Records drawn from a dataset
▼

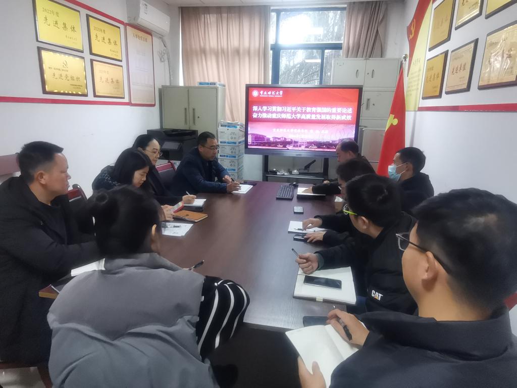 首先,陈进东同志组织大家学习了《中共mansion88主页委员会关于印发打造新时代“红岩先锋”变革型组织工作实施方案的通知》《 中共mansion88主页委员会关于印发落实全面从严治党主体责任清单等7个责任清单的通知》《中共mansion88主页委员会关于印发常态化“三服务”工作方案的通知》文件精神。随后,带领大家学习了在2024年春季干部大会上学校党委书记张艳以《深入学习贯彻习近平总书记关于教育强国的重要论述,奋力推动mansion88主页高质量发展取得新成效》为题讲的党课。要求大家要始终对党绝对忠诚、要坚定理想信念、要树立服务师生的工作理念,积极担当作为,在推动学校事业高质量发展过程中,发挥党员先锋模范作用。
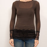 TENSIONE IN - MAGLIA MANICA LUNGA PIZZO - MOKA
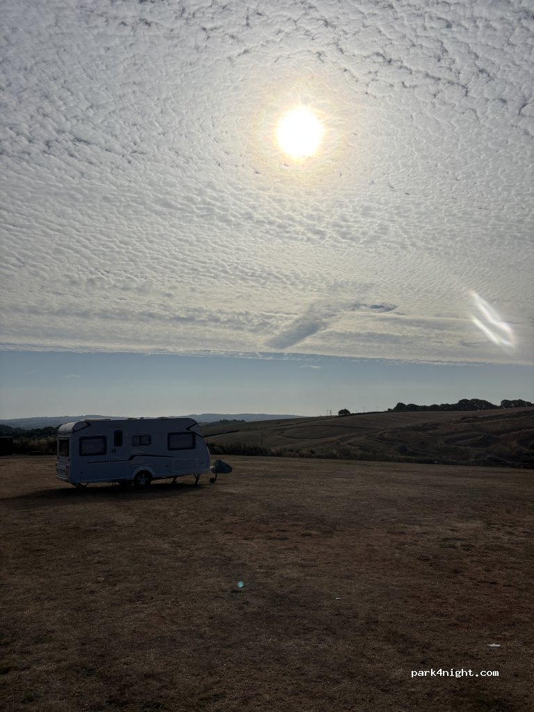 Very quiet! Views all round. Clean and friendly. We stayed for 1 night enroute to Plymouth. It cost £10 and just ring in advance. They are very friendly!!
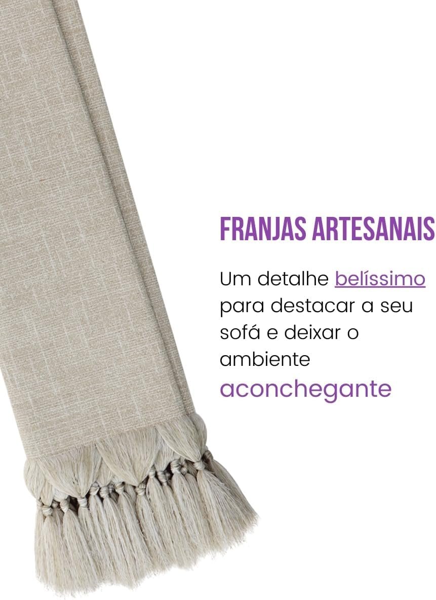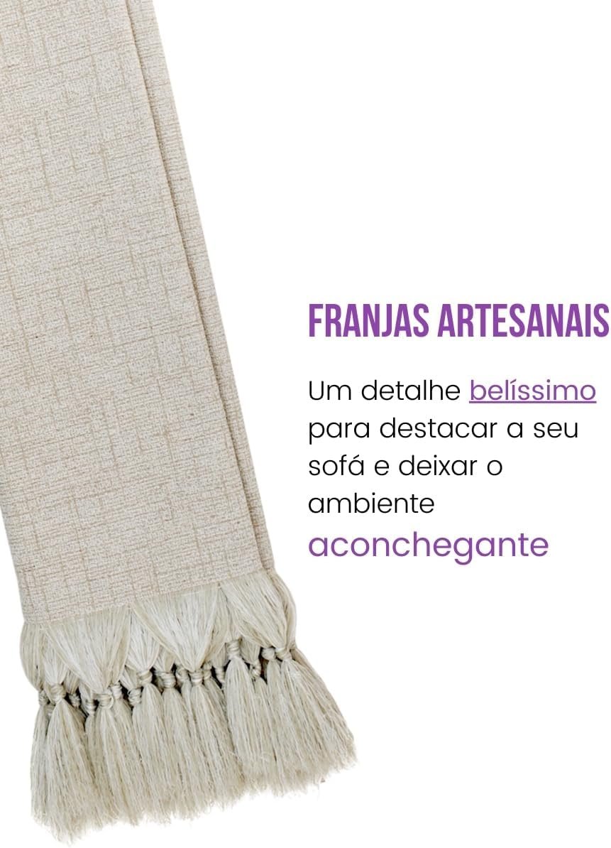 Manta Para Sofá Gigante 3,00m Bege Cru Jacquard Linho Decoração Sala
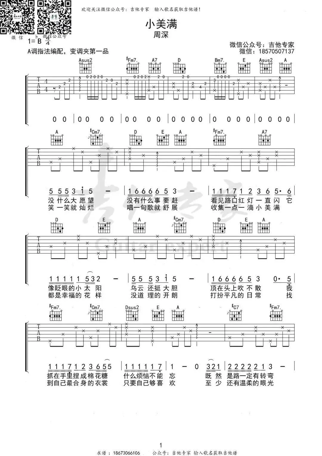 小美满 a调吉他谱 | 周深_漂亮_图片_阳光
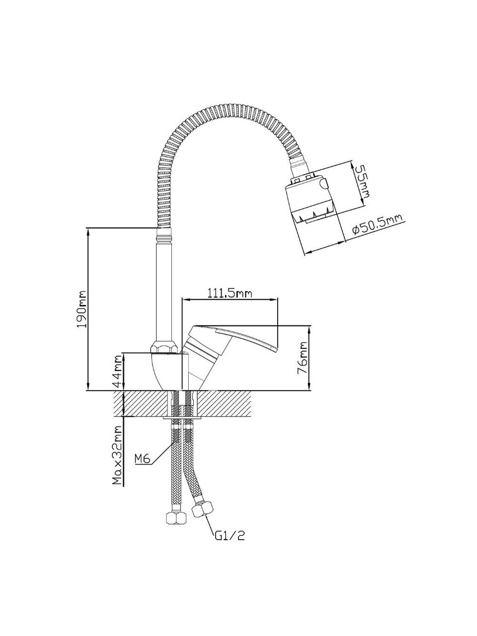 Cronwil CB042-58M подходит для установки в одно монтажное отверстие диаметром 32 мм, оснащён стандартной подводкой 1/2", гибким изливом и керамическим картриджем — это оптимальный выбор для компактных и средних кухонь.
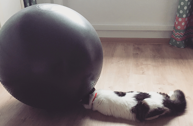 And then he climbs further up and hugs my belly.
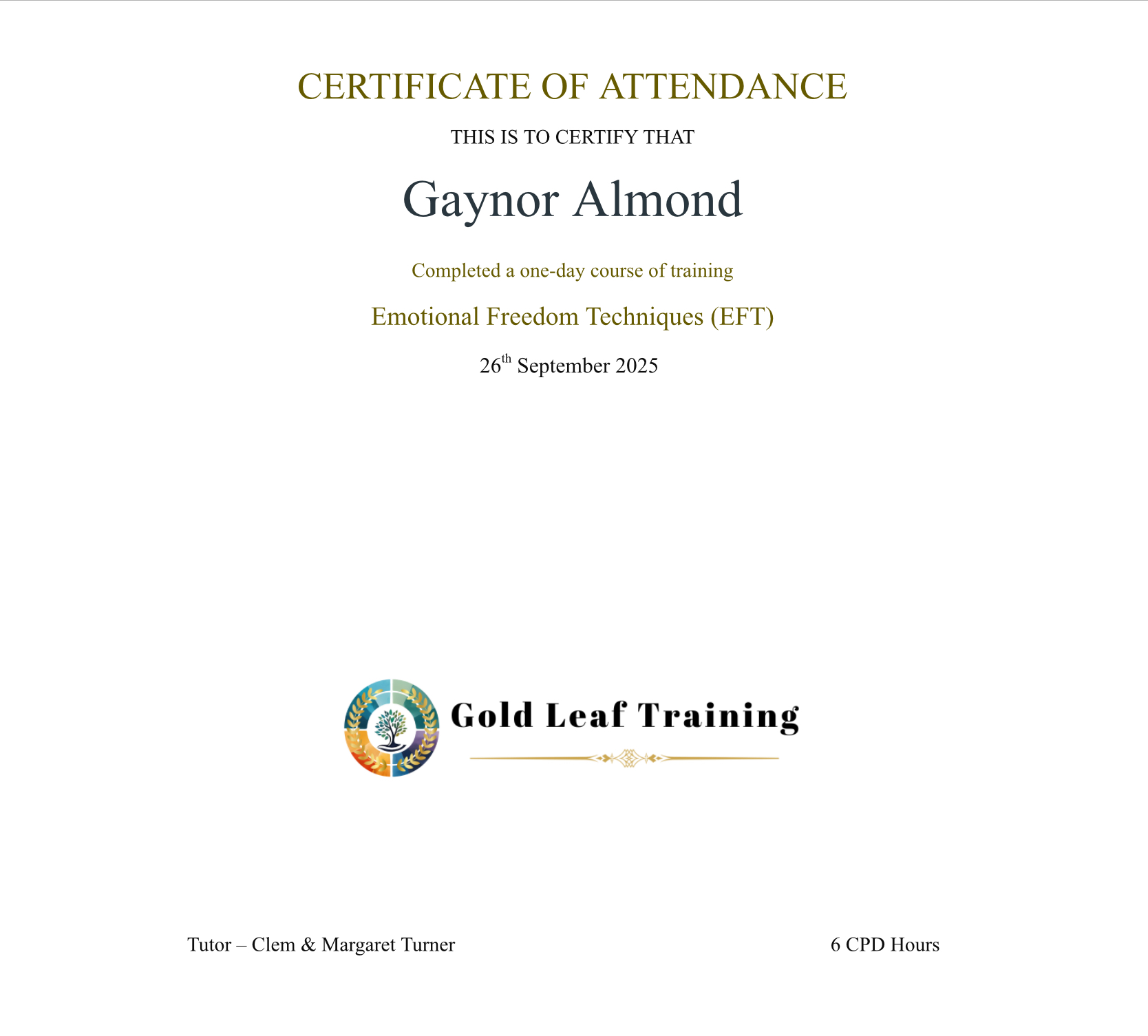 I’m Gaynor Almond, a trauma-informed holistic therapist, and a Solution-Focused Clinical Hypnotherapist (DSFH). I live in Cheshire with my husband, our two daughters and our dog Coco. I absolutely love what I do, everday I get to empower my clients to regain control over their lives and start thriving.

▲

### [What is needed]
What's needed is an exact copy of the lines above from the one with "Cronwil CB042-58M подходит" through the one with "And then he", both included; the pictures stay out.

### [Result]
 Cronwil CB042-58M подходит для установки в одно монтажное отверстие диаметром 32 мм, оснащён стандартной подводкой 1/2", гибким изливом и керамическим картриджем — это оптимальный выбор для компактных и средних кухонь.
 And then he climbs further up and hugs my belly.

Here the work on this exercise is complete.